Goldman Sachs has added retired U.S. Navy Admiral Jan Tighe as a director, bringing the firm close to a 30% threshold for female directors that experts say can improve corporate governance.

The boardroom of Goldman Sachs Group Inc. (GS) is finally catching up with the #metoo era.

The Wall Street firm, historically man-heavy in its executive suite as well as among directors, said Thursday it had named former U.S. Navy Vice Admiral Jan Tighe to its board. Her appointment boosts the share of women on the board to four out of 14 total directors, or 29%.

That's above the 25% average for the Standard & Poor's 100 index of large U.S. stocks and just below the threshold targeted by the 30% Club, a group that advocates for greater representation of women on boards and includes one of Goldman's biggest shareholders, BlackRock Inc. (BLK) .  

For about 14 years under Chairman Lloyd Blankfein, the number of women on Goldman's board had stagnated at two. But over the past year, as the #metoo movement -- centered on sexual-harassment allegations against powerful men -- tore through corporate America and shareholder-advocacy groups put pressure on companies to increase their boardroom gender diversity, the legendary Wall Street firm went on a hiring spree. 

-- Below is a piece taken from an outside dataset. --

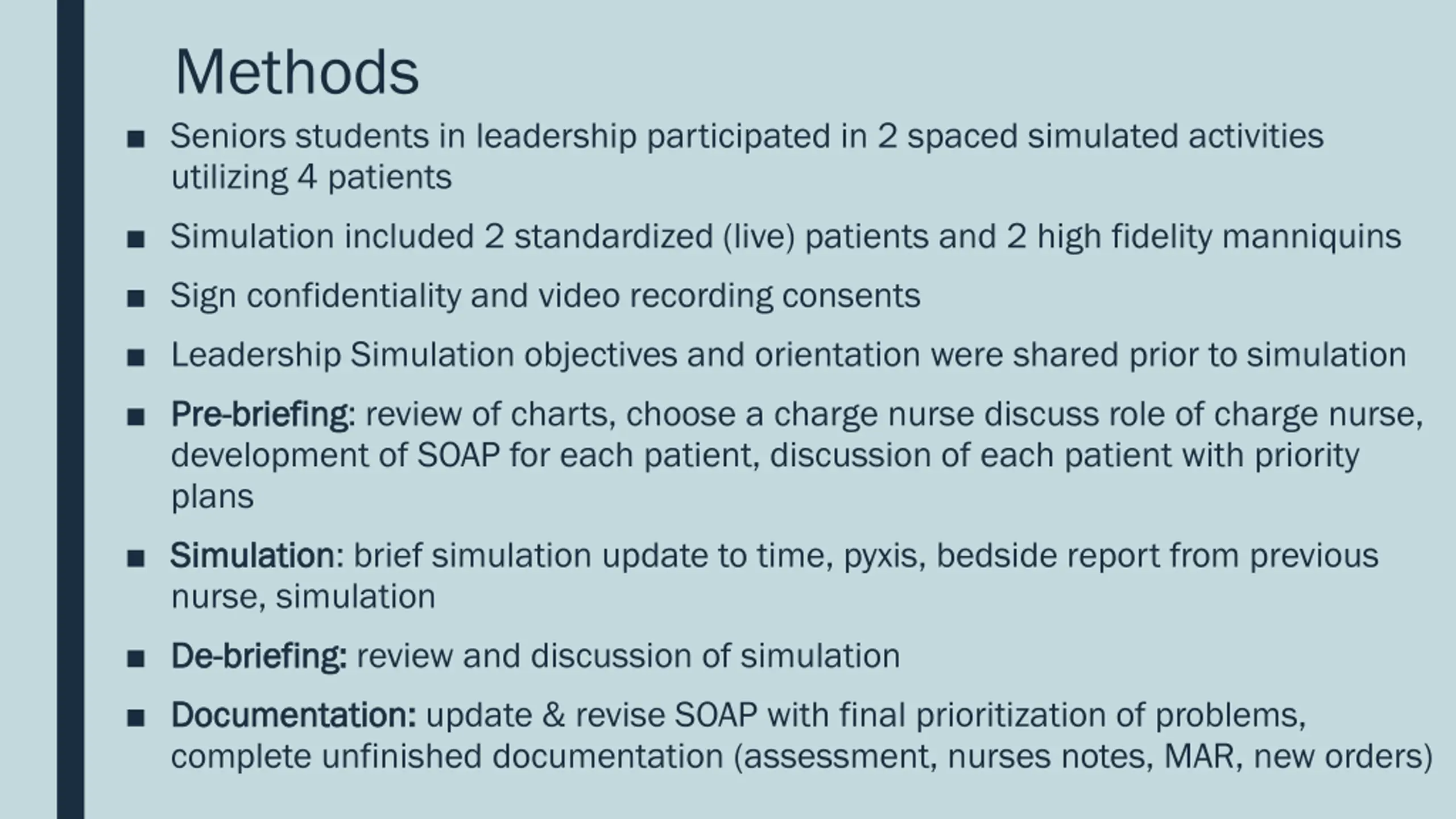 Methods Seniors students in leadership participated in 2 spaced simulated activities utilizing 4 patients Simulation included 2 standardized (live) patients and 2 high fidelity manniquins Sign confidentiality and video recording consents Leadership Simulation objectives and orientation were shared prior to simulation Pre Pre- -briefing briefing: review of charts, choose a charge nurse discuss role of charge nurse, development of SOAP for each patient, discussion of each patient with priority plans Simulation Simulation: brief simulation update to time, pyxis, bedside report from previous nurse, simulation De De- -briefing: briefing: review and discussion of simulation Documentation: Documentation: update & revise SOAP with final prioritization of problems, complete unfinished documentation (assessment, nurses notes, MAR, new orders)

In July, Goldman hired former Harvard University President Drew Faust as a director, a notable selection because she's a historian with a women's-studies orientation. Her appointment to the top job at the venerable university in 2007 came after her predecessor, the economist and former U.S. Treasury Secretary Larry Summers, stepped down following an outcry over his remarks that innate gender differences might explain the high proportion of men in science and engineering positions.

In a March regulatory filing, Goldman had declared that boardroom diversity was "an important factor in our consideration of potential and incumbent directors."

Tighe, 56, retired this year after a 38-year career with the U.S. Navy, most recently as deputy chief of naval operations for information warfare and director of naval intelligence, New York-based Goldman said in a press release. She previously served as a fleet commander and university president of the Naval Postgraduate School. She also completed a training fellowship for aspiring board candidates with the National Association of Corporate Directors, according to the bank's website.   

"Jan brings over 20 years of leadership experience in complex cyber and intelligence operations, and more broadly, risk management for the United States Navy," Blankfein said in the press release.

growing body of research suggests that companies should add more women to their boards -- not just to address the basic unfairness but also to improve shareholder returns. Big banks and financial firms including JPMorgan Chase & Co. (JPM) , the largest U.S. lender, and the private-equity giant Blackstone Group LP (BX)  have faced criticism over their under-representation of women in the boardroom, even as their predominantly male senior executives and directors tout efforts to bolster the careers of female employees.

At JPMorgan, for example, where Chairman and CEO Jamie Dimon has repeatedly highlighted his selection of women for half of his top lieutenants, only two women serve on the 12-member board of directors, or 17%. 

Several studies have shown that corporate boards with more female directors are better at decision-making, and that shareholders will benefit from an improved long-term financial performance. Experts also say women can be more assertive in the boardroom than men and thus more likely to challenge CEOs on crucial topics, such as risk-taking.

Two months ago, an all-female team of six analysts in Goldman's investment-research division published a 41-page report arguing that bias plays a key role not only in explaining the gender-pay gap among employees but also the scarcity of women in senior roles.

The study examined U.S. Census Bureau data showing that women on average earn 20% less than men. The all-female team concluded that the disparity can't be explained by typical labor-market factors like levels of education and experience or choices of industry and occupation.

The researchers argued that the remedy might be as simple as putting more women in charge.

"We believe at least part of the unexplained gap may be due to the lack of women in highly-paid senior roles," such as among the male-dominated ranks of CEOs and boards of directors, the analysts wrote. 

Somebody at the top of Goldman Sachs appears to be listening.